▶ **PROBLEM TO WORK ON**
With the pictures set aside, write out all of the data exactly as it stands.

▶ **DATA BLOCK**
========================================

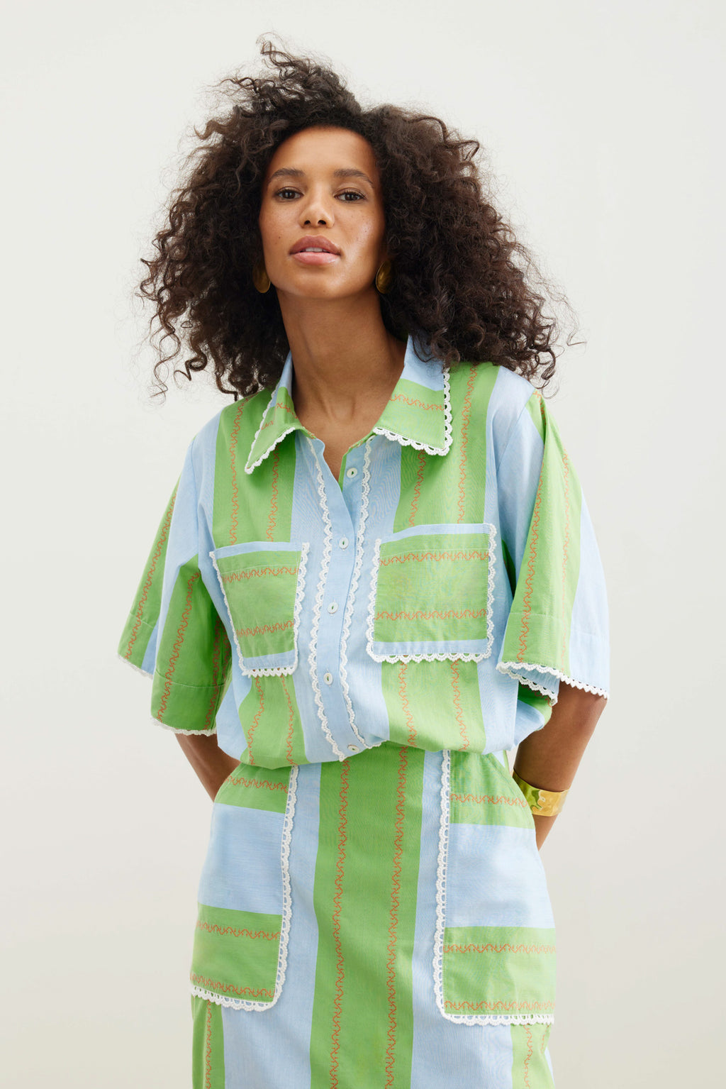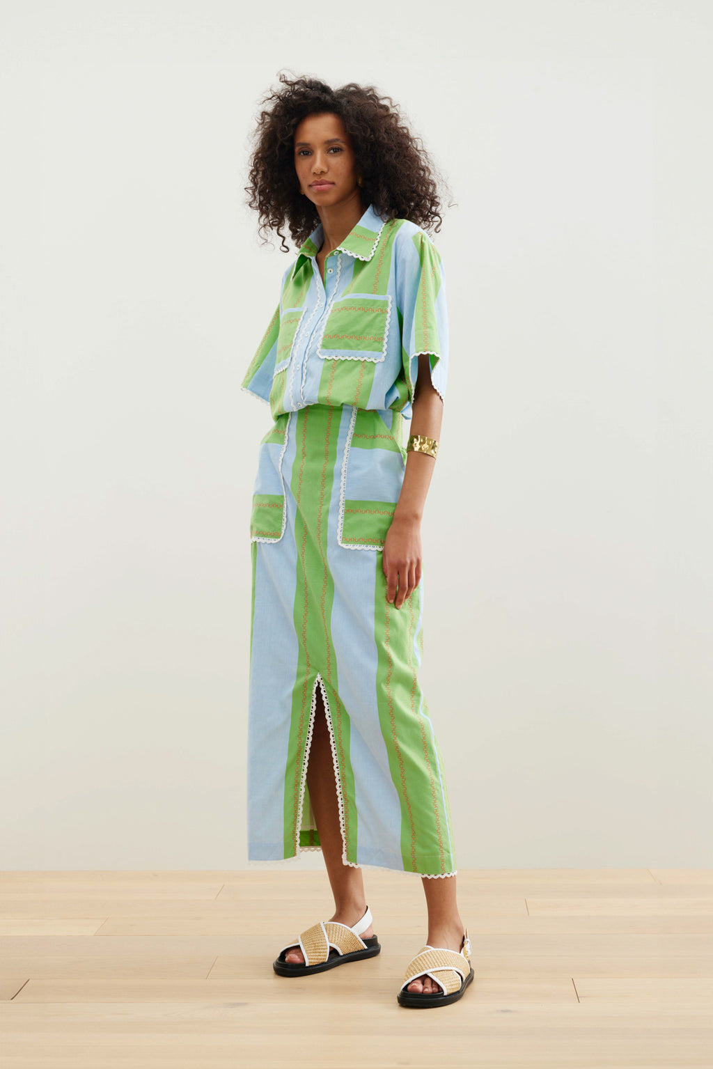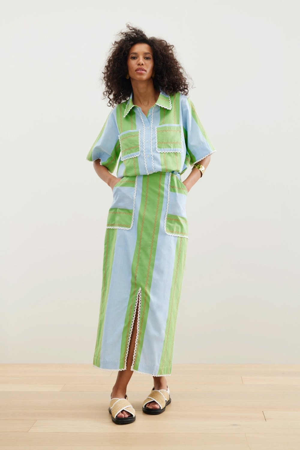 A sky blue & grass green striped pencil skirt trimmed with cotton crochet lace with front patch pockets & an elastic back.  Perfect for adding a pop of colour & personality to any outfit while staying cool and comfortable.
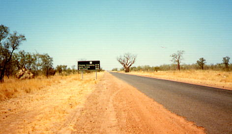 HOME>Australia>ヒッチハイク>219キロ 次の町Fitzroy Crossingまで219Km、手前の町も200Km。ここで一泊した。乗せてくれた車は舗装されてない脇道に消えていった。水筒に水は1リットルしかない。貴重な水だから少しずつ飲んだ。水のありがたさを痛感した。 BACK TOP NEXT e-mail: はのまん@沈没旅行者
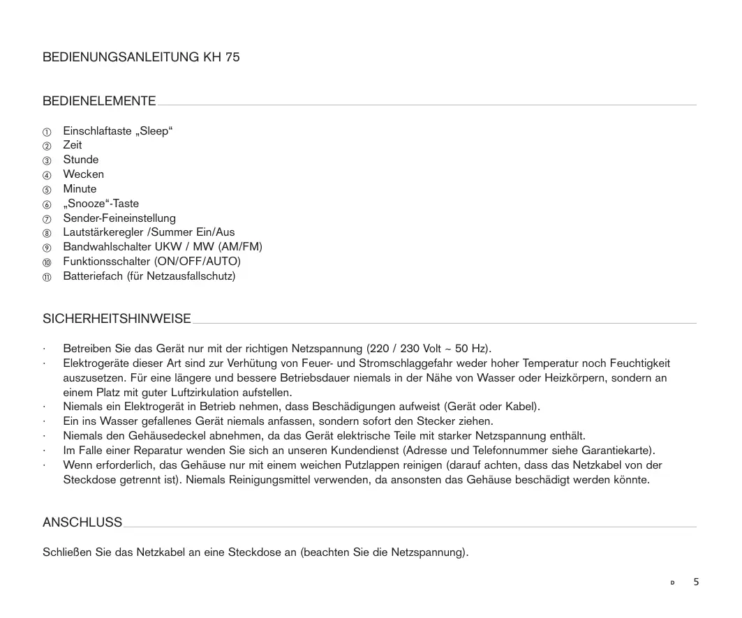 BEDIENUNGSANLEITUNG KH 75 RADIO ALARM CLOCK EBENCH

========================================

▶ **TASK RESPONSE**
 A sky blue & grass green striped pencil skirt trimmed with cotton crochet lace with front patch pockets & an elastic back.  Perfect for adding a pop of colour & personality to any outfit while staying cool and comfortable.
 HOME>Australia>ヒッチハイク>219キロ 次の町Fitzroy Crossingまで219Km、手前の町も200Km。ここで一泊した。乗せてくれた車は舗装されてない脇道に消えていった。水筒に水は1リットルしかない。貴重な水だから少しずつ飲んだ。水のありがたさを痛感した。 BACK TOP NEXT e-mail: はのまん@沈没旅行者
 BEDIENUNGSANLEITUNG KH 75 RADIO ALARM CLOCK EBENCH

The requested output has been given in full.